┌─ THE RECORDS
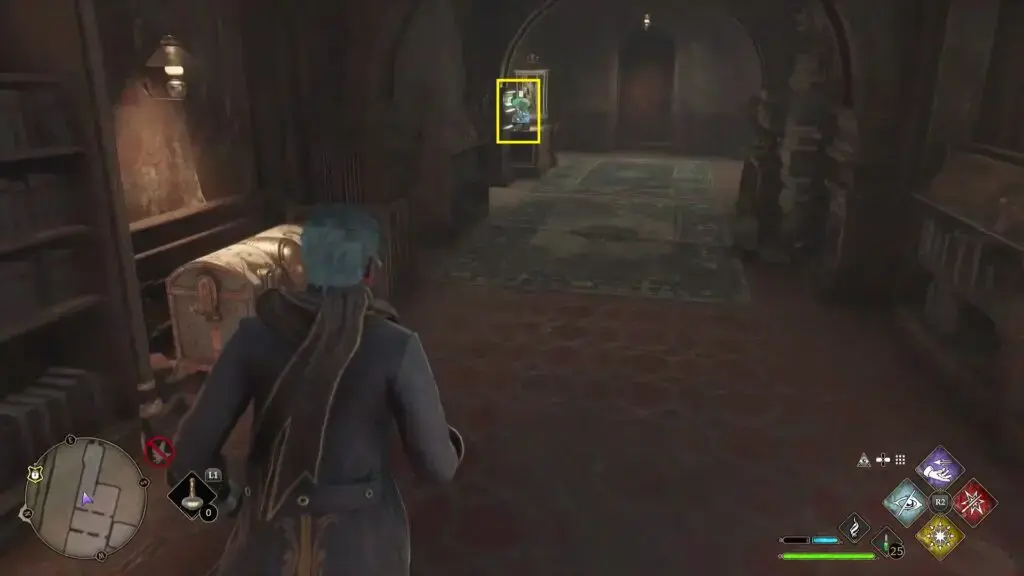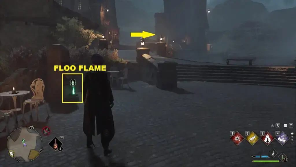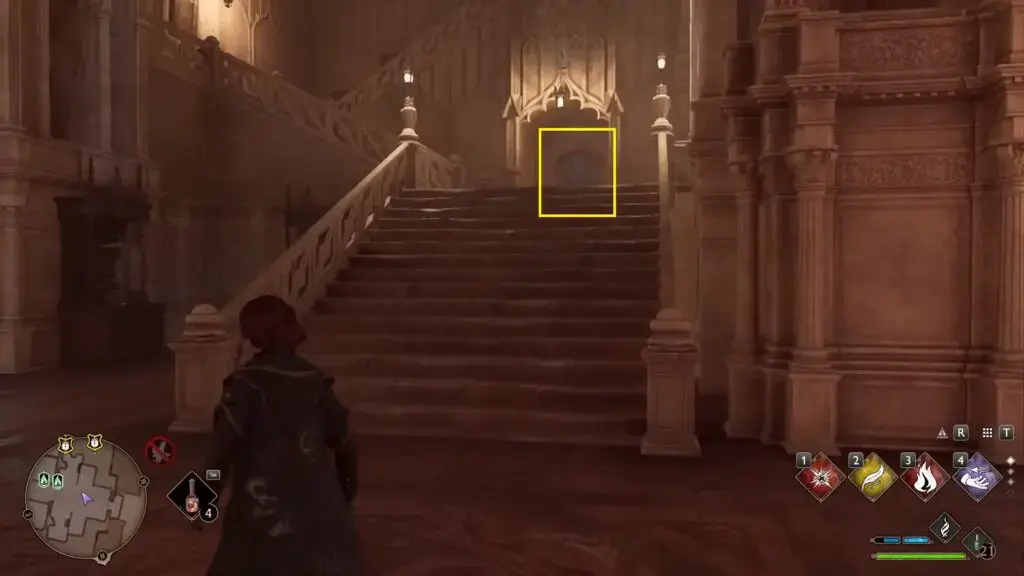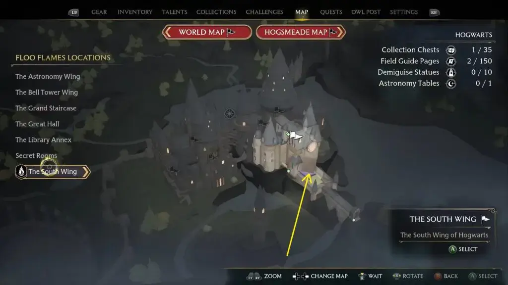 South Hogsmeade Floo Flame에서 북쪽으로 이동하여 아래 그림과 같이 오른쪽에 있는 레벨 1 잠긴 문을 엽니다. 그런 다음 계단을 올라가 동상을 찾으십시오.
└─
┌─ THE RECORDS
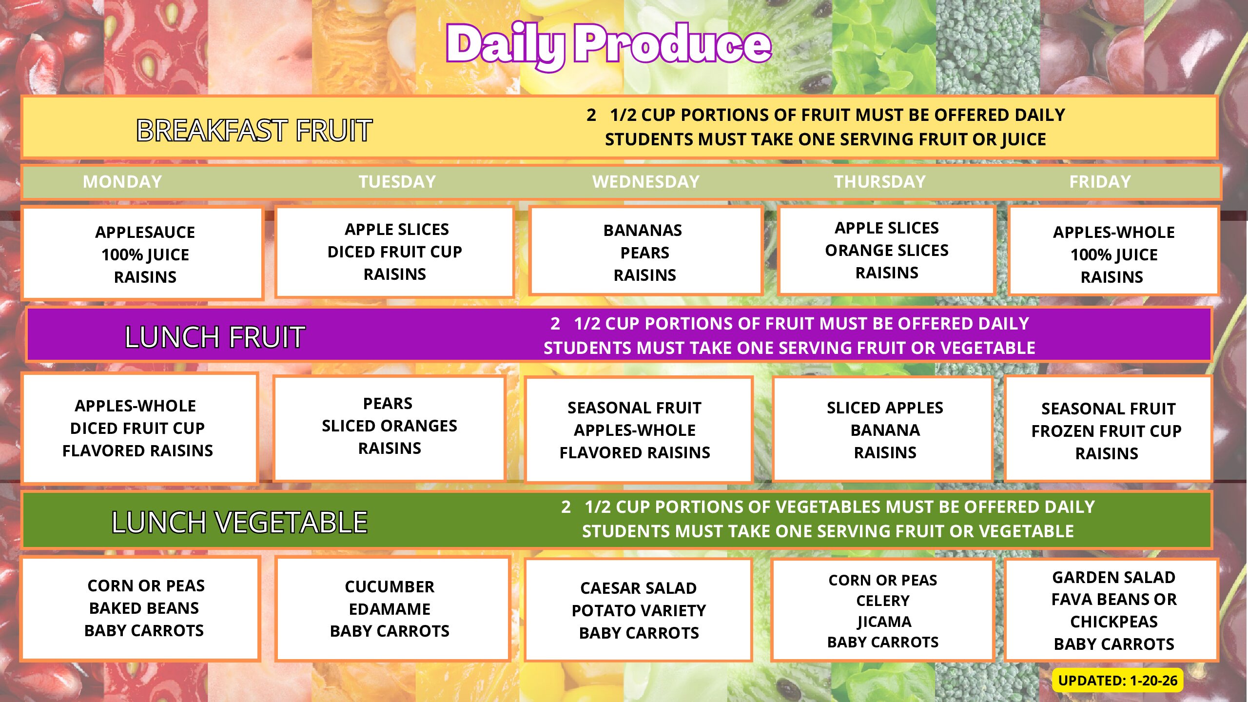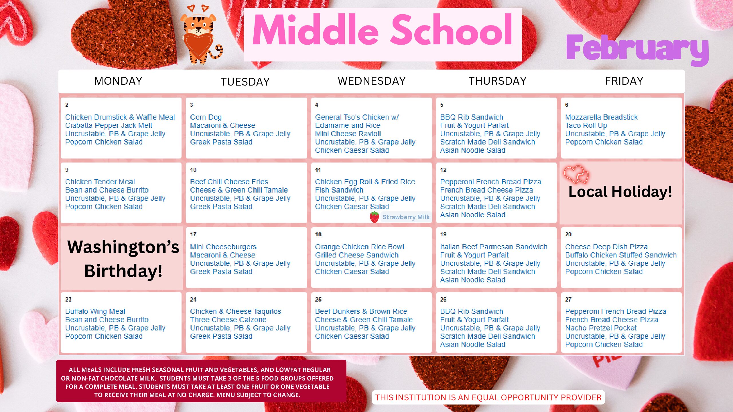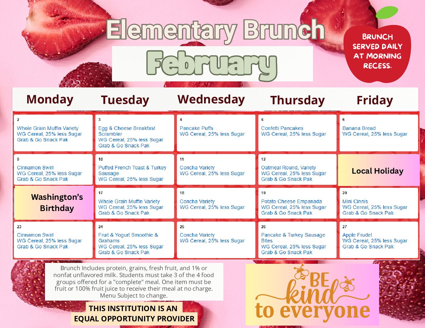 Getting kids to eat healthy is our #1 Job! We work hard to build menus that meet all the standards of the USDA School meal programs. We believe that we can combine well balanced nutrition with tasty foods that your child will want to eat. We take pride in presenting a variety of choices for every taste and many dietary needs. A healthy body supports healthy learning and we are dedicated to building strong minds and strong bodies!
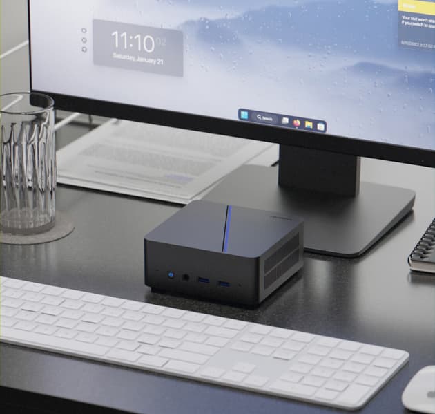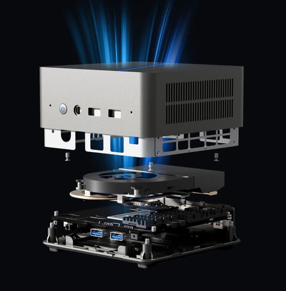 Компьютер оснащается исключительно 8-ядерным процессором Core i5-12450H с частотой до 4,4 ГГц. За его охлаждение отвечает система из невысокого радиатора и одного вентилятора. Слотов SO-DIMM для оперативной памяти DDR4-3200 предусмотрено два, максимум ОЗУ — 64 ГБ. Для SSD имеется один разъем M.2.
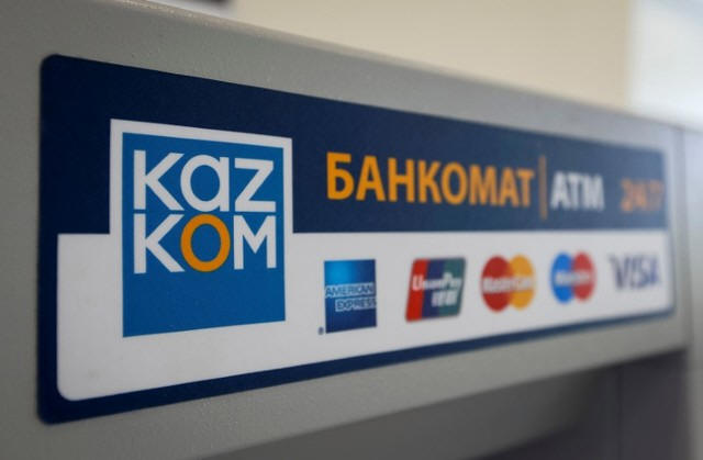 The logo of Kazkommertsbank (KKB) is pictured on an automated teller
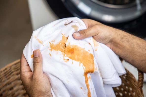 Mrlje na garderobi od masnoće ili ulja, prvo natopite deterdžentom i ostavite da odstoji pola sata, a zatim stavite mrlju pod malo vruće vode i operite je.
└─
┌─ THE RECORDS
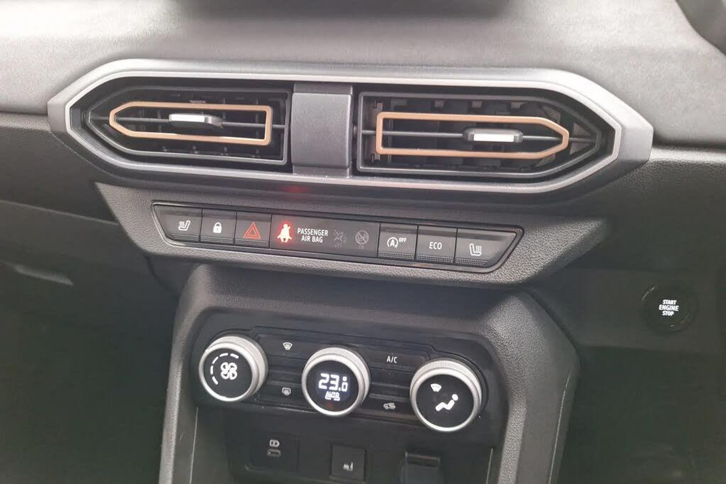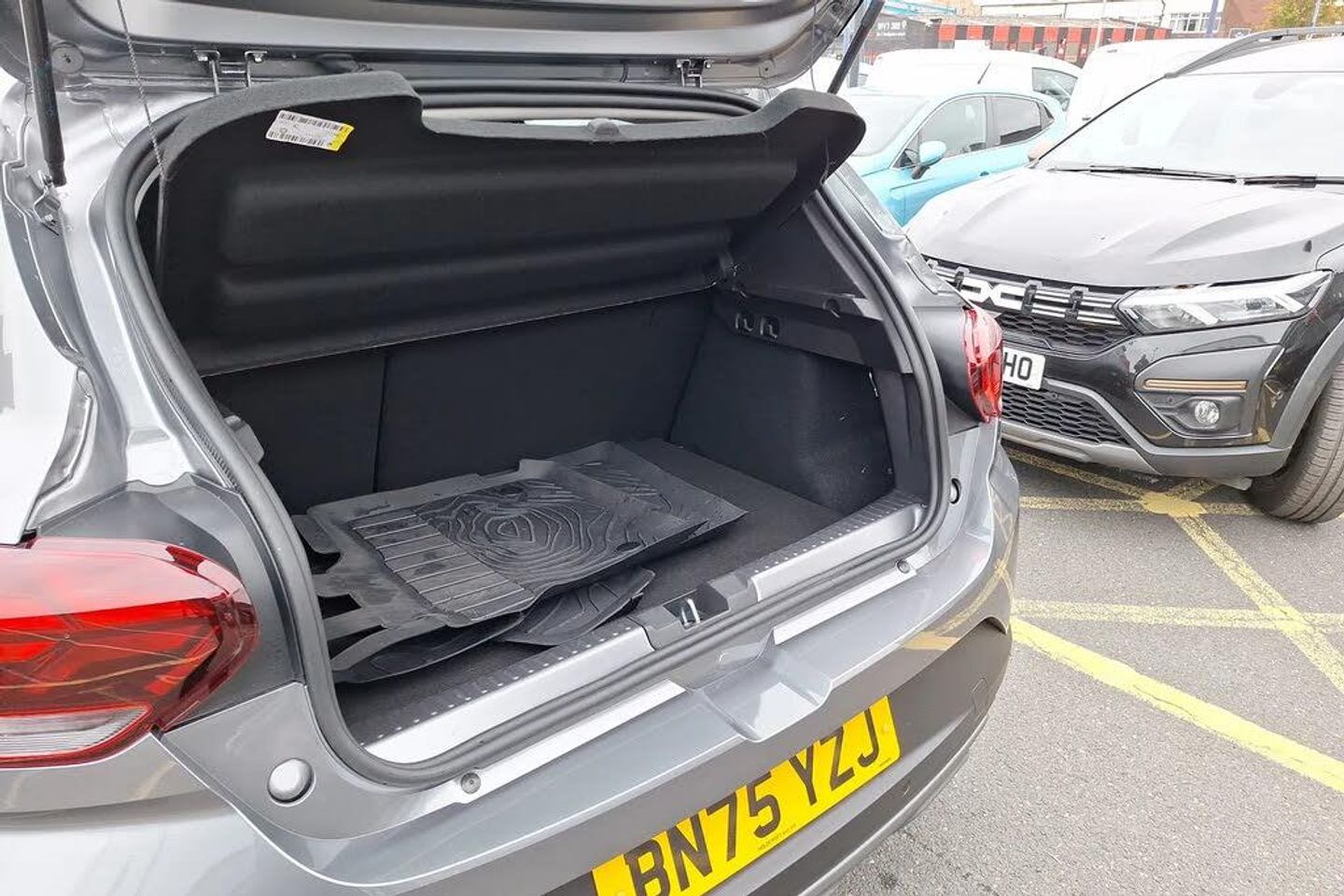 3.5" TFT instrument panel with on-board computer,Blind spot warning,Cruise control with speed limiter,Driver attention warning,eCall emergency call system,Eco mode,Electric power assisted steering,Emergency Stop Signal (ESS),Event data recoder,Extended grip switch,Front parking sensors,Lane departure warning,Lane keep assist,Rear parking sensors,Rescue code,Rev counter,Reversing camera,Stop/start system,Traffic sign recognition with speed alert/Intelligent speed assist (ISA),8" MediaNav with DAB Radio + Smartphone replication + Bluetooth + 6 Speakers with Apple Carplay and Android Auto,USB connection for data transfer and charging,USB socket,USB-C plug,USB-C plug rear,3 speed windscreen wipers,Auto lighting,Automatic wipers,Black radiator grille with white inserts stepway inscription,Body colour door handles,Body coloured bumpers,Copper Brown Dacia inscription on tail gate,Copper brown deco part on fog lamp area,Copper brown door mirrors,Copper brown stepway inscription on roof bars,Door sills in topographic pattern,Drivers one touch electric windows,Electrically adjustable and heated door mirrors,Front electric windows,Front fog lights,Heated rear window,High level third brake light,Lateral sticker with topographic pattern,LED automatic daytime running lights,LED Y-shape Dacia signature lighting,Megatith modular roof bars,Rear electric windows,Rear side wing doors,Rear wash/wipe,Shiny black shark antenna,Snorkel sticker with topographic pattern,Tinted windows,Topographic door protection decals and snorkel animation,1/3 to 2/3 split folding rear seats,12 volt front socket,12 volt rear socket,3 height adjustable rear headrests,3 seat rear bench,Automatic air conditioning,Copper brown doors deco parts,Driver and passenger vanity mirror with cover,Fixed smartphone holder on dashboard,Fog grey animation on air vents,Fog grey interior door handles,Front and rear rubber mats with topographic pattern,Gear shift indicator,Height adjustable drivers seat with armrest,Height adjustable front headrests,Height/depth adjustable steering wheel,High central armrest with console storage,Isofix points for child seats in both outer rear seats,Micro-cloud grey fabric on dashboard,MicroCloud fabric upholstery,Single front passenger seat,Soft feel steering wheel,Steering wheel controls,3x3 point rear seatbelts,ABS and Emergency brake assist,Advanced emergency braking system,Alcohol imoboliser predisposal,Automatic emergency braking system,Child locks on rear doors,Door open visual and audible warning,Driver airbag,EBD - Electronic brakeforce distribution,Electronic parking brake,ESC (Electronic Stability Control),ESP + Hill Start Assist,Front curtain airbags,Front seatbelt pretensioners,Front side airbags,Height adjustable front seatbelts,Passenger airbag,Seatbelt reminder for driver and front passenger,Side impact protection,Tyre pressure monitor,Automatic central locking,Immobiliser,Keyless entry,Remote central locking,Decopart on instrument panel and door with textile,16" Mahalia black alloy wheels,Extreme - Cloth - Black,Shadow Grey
└─
● **YOUR GOAL**
Looking above, find the stretch of lines that opens with the one holding "Getting kids to" and closes with the one holding "Компьютер оснащается исключительно". Copy it exactly, pictures excluded.

● **RESULT**
 Getting kids to eat healthy is our #1 Job! We work hard to build menus that meet all the standards of the USDA School meal programs. We believe that we can combine well balanced nutrition with tasty foods that your child will want to eat. We take pride in presenting a variety of choices for every taste and many dietary needs. A healthy body supports healthy learning and we are dedicated to building strong minds and strong bodies!
 Компьютер оснащается исключительно 8-ядерным процессором Core i5-12450H с частотой до 4,4 ГГц. За его охлаждение отвечает система из невысокого радиатора и одного вентилятора. Слотов SO-DIMM для оперативной памяти DDR4-3200 предусмотрено два, максимум ОЗУ — 64 ГБ. Для SSD имеется один разъем M.2.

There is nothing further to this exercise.